PROBLEM STATEMENT: Reproduce from the records below, with no pictures, exactly the lines between the one containing "哈摟哈摟各位讀者~~我是有錢" and the one containing "Five Continental porcelain", inclusive.

RECORDS FOR THIS EXERCISE:
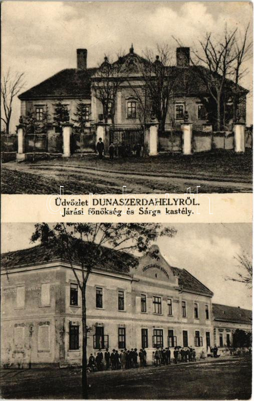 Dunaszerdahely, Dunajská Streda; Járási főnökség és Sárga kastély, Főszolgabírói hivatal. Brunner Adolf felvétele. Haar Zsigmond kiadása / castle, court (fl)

* * *

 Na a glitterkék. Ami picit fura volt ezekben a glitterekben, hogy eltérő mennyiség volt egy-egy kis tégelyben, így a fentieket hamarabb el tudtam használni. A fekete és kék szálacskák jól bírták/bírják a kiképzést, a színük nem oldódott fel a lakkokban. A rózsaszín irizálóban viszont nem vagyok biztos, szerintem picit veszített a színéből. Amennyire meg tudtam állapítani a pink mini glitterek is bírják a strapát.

==

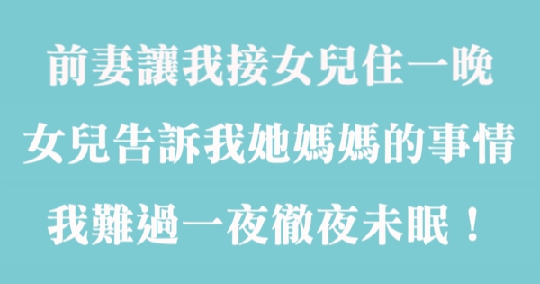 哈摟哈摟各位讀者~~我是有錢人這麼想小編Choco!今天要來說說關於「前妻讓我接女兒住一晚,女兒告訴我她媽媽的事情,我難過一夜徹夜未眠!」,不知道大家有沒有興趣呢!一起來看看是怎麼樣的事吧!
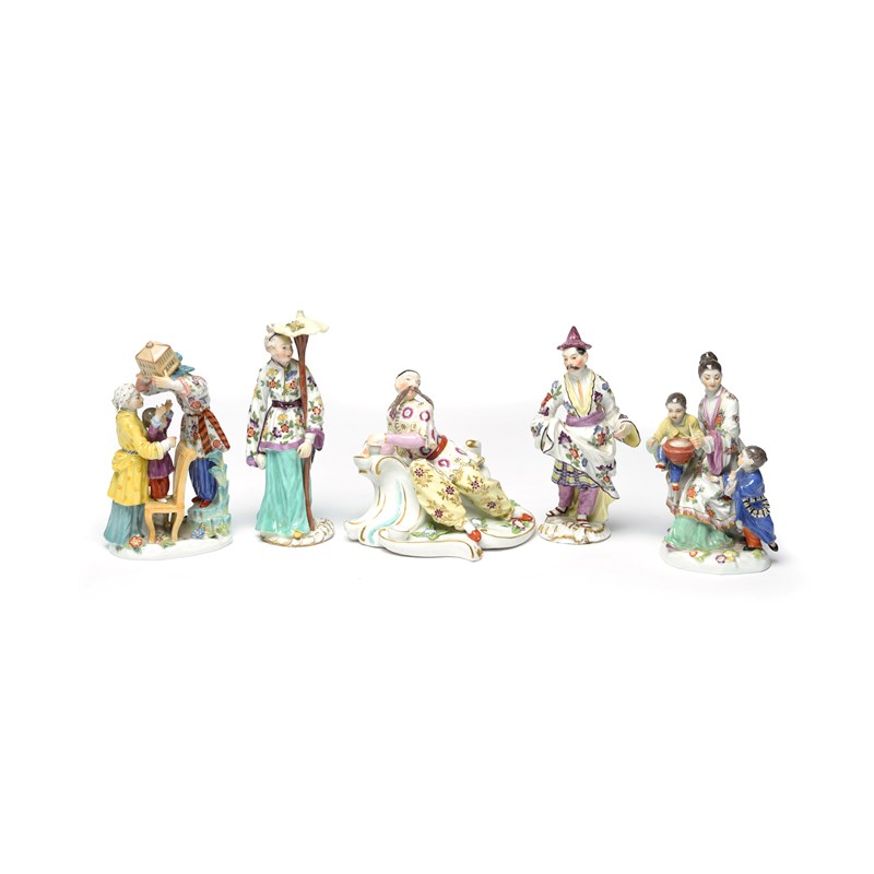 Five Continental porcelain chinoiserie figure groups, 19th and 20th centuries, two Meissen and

EXERCISE ANSWER:
 哈摟哈摟各位讀者~~我是有錢人這麼想小編Choco!今天要來說說關於「前妻讓我接女兒住一晚,女兒告訴我她媽媽的事情,我難過一夜徹夜未眠!」,不知道大家有沒有興趣呢!一起來看看是怎麼樣的事吧!
 Five Continental porcelain chinoiserie figure groups, 19th and 20th centuries, two Meissen and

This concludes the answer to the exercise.